Brand ambassadors also shouldn’t be allowed to stir the pot on the brand’s behalf, says Fahn. That’s was Seibert seemed to do the day after The New York Times ran a story that suggested FlyNYON knew about significant safety risks before the crash. Seibert trolled the paper by posting an image of The New York Times building in Times Square (which has long since ceased to be its headquarters). In his post, Seibert described the Times piece as “filled with half truths, misquotes, and deliberate omissions of of [sic] quotes.” He not only didn’t offer examples or counter fact, he again did not identify himself as a paid ambassador. (FlyNYON’s own account lambasted the Times piece as “#fakenews” and the company sent a helicopter to hover menacingly above the Times building while live-streaming video of it on its Instagram account.)
FlyNYON possibly executed its own FTC violations by actively using its ambassadors in its post-crash social media strategy, posting their passionate testimonials without identifying them as paid partners. It’s unclear whether the company encouraged—or even instructed—its ambassadors to post in the fashion they did, and there’s no way to directly know because FlyNYON did not respond to requests for comment to this story. Doing so could be even more problematic, according to Brown, though nothing may actually come of it officially. “If we’re dealing with ‘astroturfing’—a PR campaign masquerading as genuine grassroots comments—that’s something that could get the attention of the FTC,” he says. “But with limited resources and competing priorities, I wouldn’t bet they’ll take action here.”

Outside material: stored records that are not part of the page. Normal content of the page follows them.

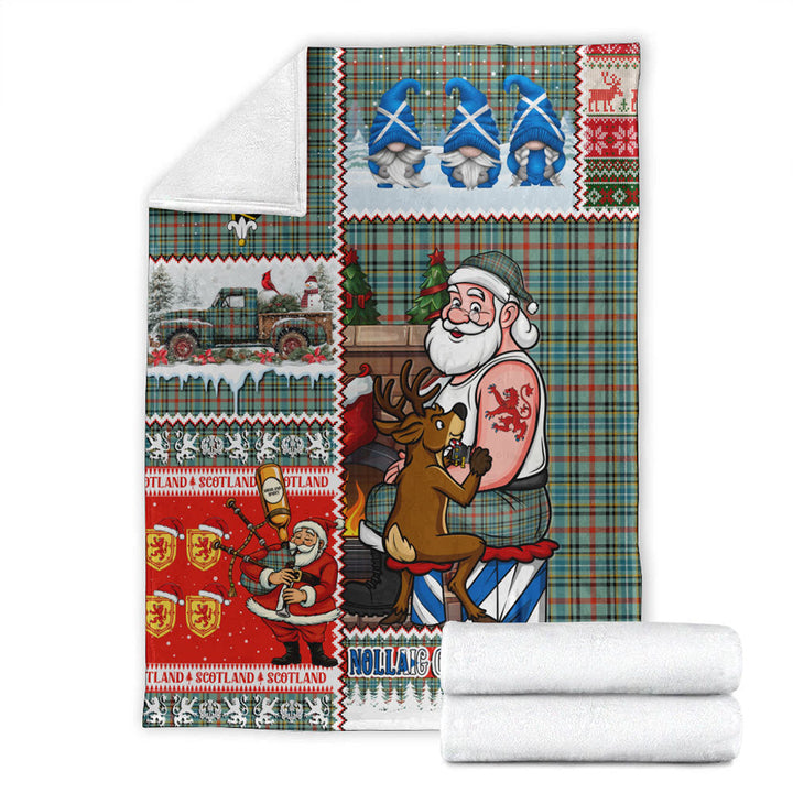 Snuggle up in style with the Bisset Ancient Clan Badge Tartan Blanket Scotland Santa Tattoo Christmas Comic Patchwork Style. Featuring a festive Santa Tattoo Patchwork design with Scottish tartan heritage, this blanket combines warmth, comfort, and holiday charm.
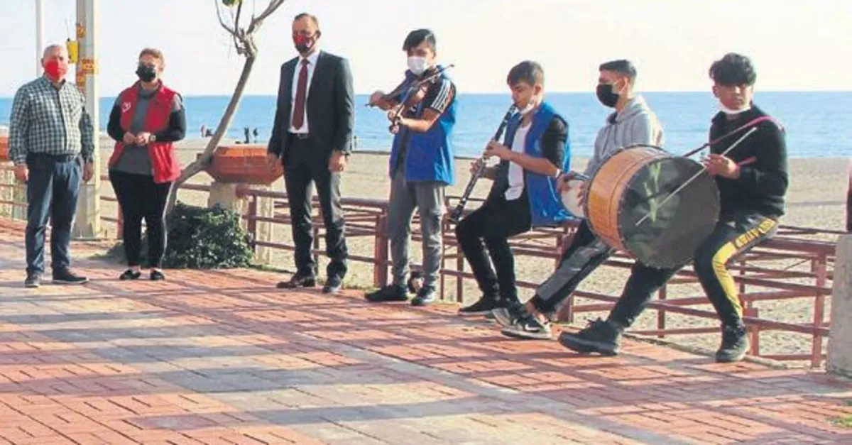 ALANYA Gençlik Merkezi tarafından koronavirüse dikkat çekmek ve farkındalık oluşturmak için vatandaşlara dezenfektan ve kolonya dağıtıldı. Dağıtım sonrası müzik kulübü üyeleri müzik dinletisi sundu. Gençlik ve Spor Müdürlüğü binası karşısında İlçe Müdürü Ahmet Eşref Sarı ve kurum çalışanları tarafından gerçekleştirilen etkinlikte, vatandaşlar pandemiye karşı bilgilendirildi. Sarı, " Vatandaşlara maske, mesafe, temizlik kurallarını bir kez daha hatırlattık. Pandemi dolayısı ile yeterince sıkılan vatandaşları bir nebze de olsa moral, ve eğlendirebilmek için güzel vakit geçirmelerini sağlamak için müzik kulübümüze üye gençlerimizle birlikte meydanlardaydık. Hem çaldık hem söyledik hem eğlendik" dedi.
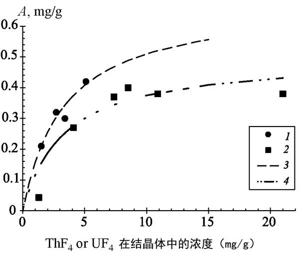 圖2:從熔體中吸附釷和鈾氟化物的等溫線。(1,2)實驗數(shù)據(jù);(3,4)根據(jù)Langmuir方程逼近實驗點。(1,3)四氟化鈾;(2,4)THF4。
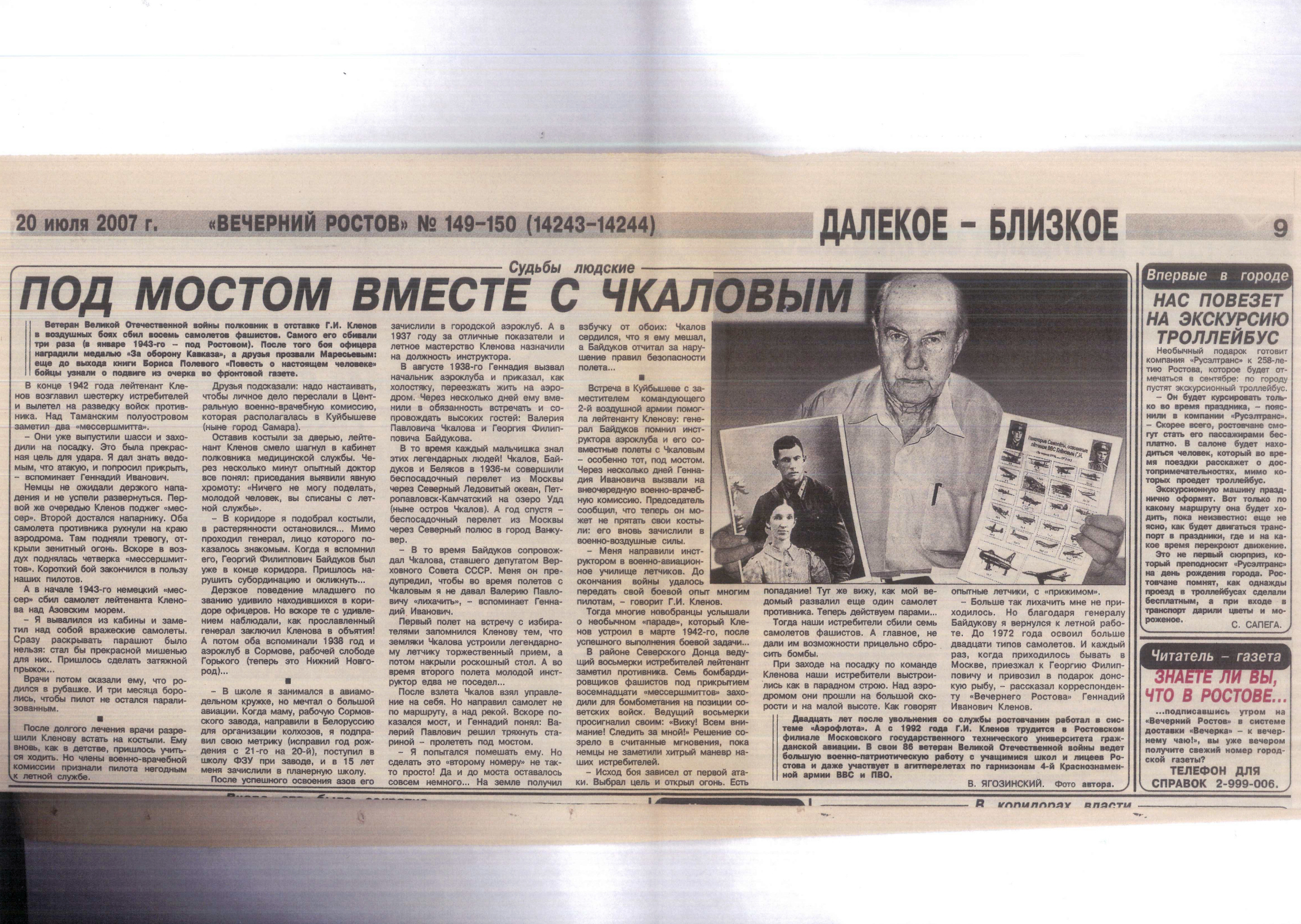 Из воспоминаний Геннадия Ивановича об одном из заданий. «За всю войну я только однажды видел немца — чтобы вот так, глаза в глаза. При обороне Ростова, это был октябрь 41-го. Мы с напарником вернулись с задания, только сели ужинать, вызывает начальник напарника моего и говорит, что требуется разведка в линии фронта. Проходит время, уже должен и садиться — нет его. Сбили. Вызвали меня, приказали взлетать. Я пролетел Таганрог, направляясь вдоль Донецка, визуально определили, какие части стоят наземные, где танки и возвращаюсь. Иду, значит на высоте 300 метров, смотрю, справа - «мессершмитт», и из него мне летчик машет: мол, садись. И сверху истребитель, и снизу в «клещи» взяли. Это они так издевались, насмешничали. Ну я молодой был, 19 лет… резко убрал газ, уменьшил скорость — и под брюхо ему. Дал огонь и отрубил хвост. А потом на правое крыло, скольжением, и к земле. Ушел.»

In the aftermath of the social media campaign, FlyNYON’s influencers worked to cover the tracks. Defensive and combative comments and posts relating to the accident have by now mostly been deleted by the ambassadors or by FlyNYON (some in the wake of negative public reaction to the defensiveness posturing, others immediately after individuals were contacted for this story). Similarly, some of the ambassadors mentioned in this story have since revised their Instagram bios to reflect the nature of their paid relationship to the company. They still don’t appear to be clarifying their relationships in captions or comments that endorse it.
Elsewhere, Brown notes that social media influencers in general are finally starting to pay attention to the rules as laid out by the FTC. But that may be due to a shift in social acceptance rather than a bear hug of transparency. “The #sponsored and #ad hashtag are no longer seen as jarring, and have become part of the social media fabric,” Brown says. Some influencers are even acknowledging there’s value—a “badge of honor”—in a formal, declared relationship with a prominent brand, he added.
Still, when a serious crisis does strike, it might be wise to follow the lead of some of the FlyNYON ambassadors who managed to stay out of the post-crash limelight entirely. Their strategy: Say nothing at all.